## Work instruction
Would you print the listing that follows exactly, but without its pictures?

## Data below
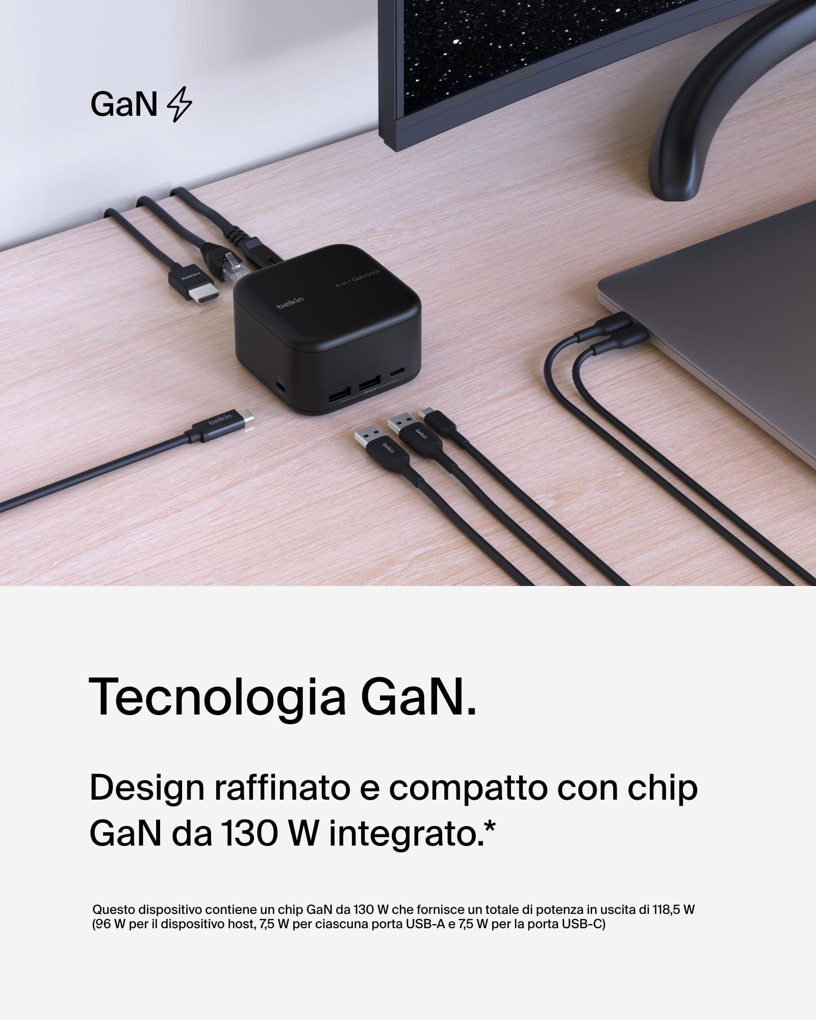 - POTENZA E RICARICA GAN: la tecnologia GaN offre 130 W per il dispositivo host e 96 W per le periferiche. Anche se le dimensioni dei prodotti GaN sono ridotti, permettono di ricaricare in modo più sicuro e veloce rispetto agli altri caricabatterie.
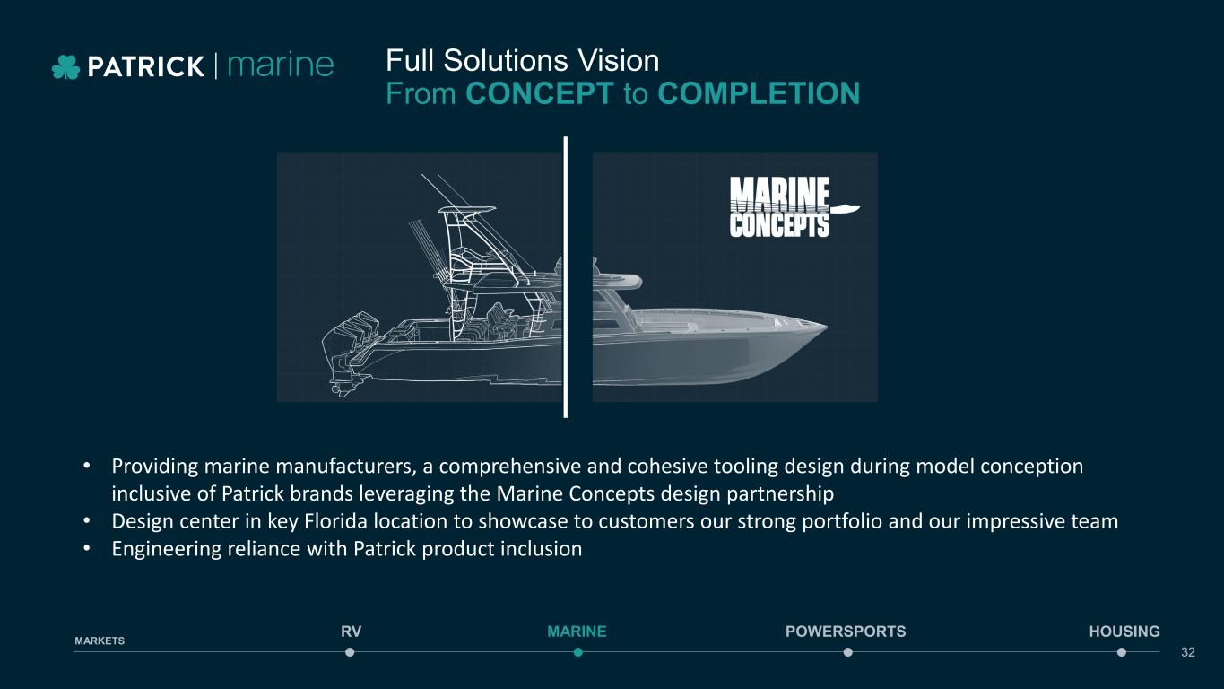 MARINE POWERSPORTS HOUSING MARKETS 31 From product design and development to aftermarket accessories, our brands deliver added value through innovative, highly-engineered component solutions AUDIO & ELECTRICAL SOLUTIONS SEATING & FURNITURE SEADEK FUEL SYSTEMS & TANKS DASH ASSEMBLIES & HELMS PLYWOOD & COMPOSITE FLOORING WINDSHIELDS MARINE HARDWARE TOWERS & T-TOPS DESIGN SERVICES SHADE SOLUTIONS TRANSPORTATION SERVICES TRAILERS CARBON FIBER SOLUTIONS PROTECTIVE COVERS RV Featured product categories are only a sampling of Patrick’s capabilities. A more complete listing can be found in our most recent 10-K.
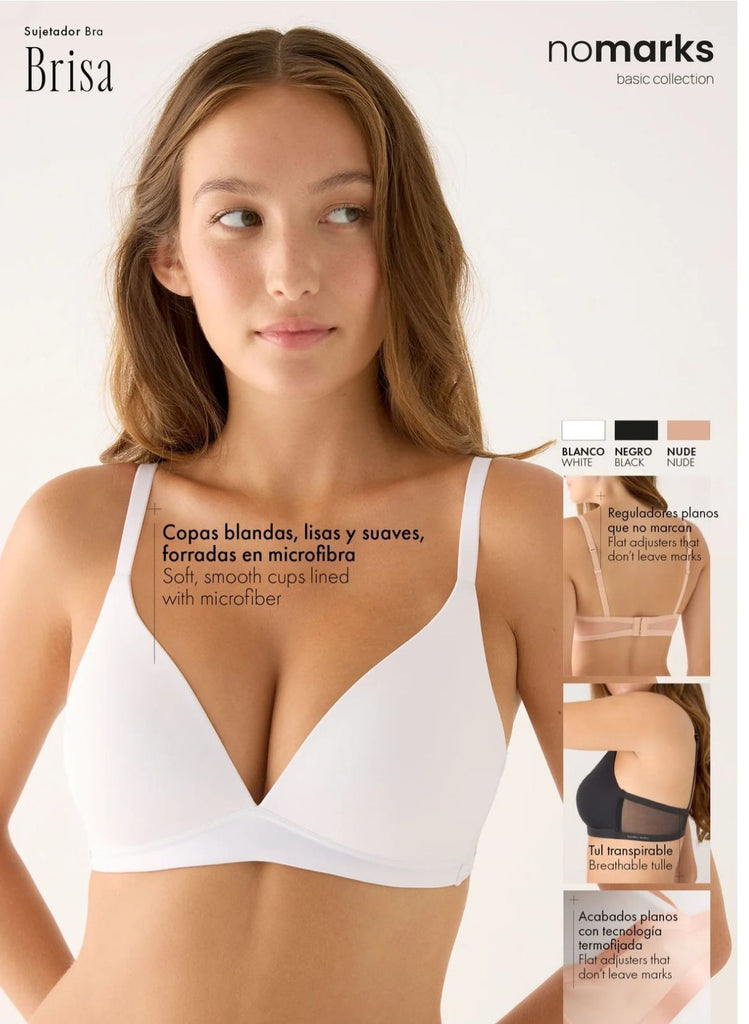 All'interno della linea nomarks, il modello Brisa incarna una vita senza pressioni e un dialogo di benessere con il proprio corpo. È un reggiseno senza ferretto che massimizza il comfort senza compromettere la vestibilità.

## Answer for the task
 - POTENZA E RICARICA GAN: la tecnologia GaN offre 130 W per il dispositivo host e 96 W per le periferiche. Anche se le dimensioni dei prodotti GaN sono ridotti, permettono di ricaricare in modo più sicuro e veloce rispetto agli altri caricabatterie.
 MARINE POWERSPORTS HOUSING MARKETS 31 From product design and development to aftermarket accessories, our brands deliver added value through innovative, highly-engineered component solutions AUDIO & ELECTRICAL SOLUTIONS SEATING & FURNITURE SEADEK FUEL SYSTEMS & TANKS DASH ASSEMBLIES & HELMS PLYWOOD & COMPOSITE FLOORING WINDSHIELDS MARINE HARDWARE TOWERS & T-TOPS DESIGN SERVICES SHADE SOLUTIONS TRANSPORTATION SERVICES TRAILERS CARBON FIBER SOLUTIONS PROTECTIVE COVERS RV Featured product categories are only a sampling of Patrick’s capabilities. A more complete listing can be found in our most recent 10-K.
 All'interno della linea nomarks, il modello Brisa incarna una vita senza pressioni e un dialogo di benessere con il proprio corpo. È un reggiseno senza ferretto che massimizza il comfort senza compromettere la vestibilità.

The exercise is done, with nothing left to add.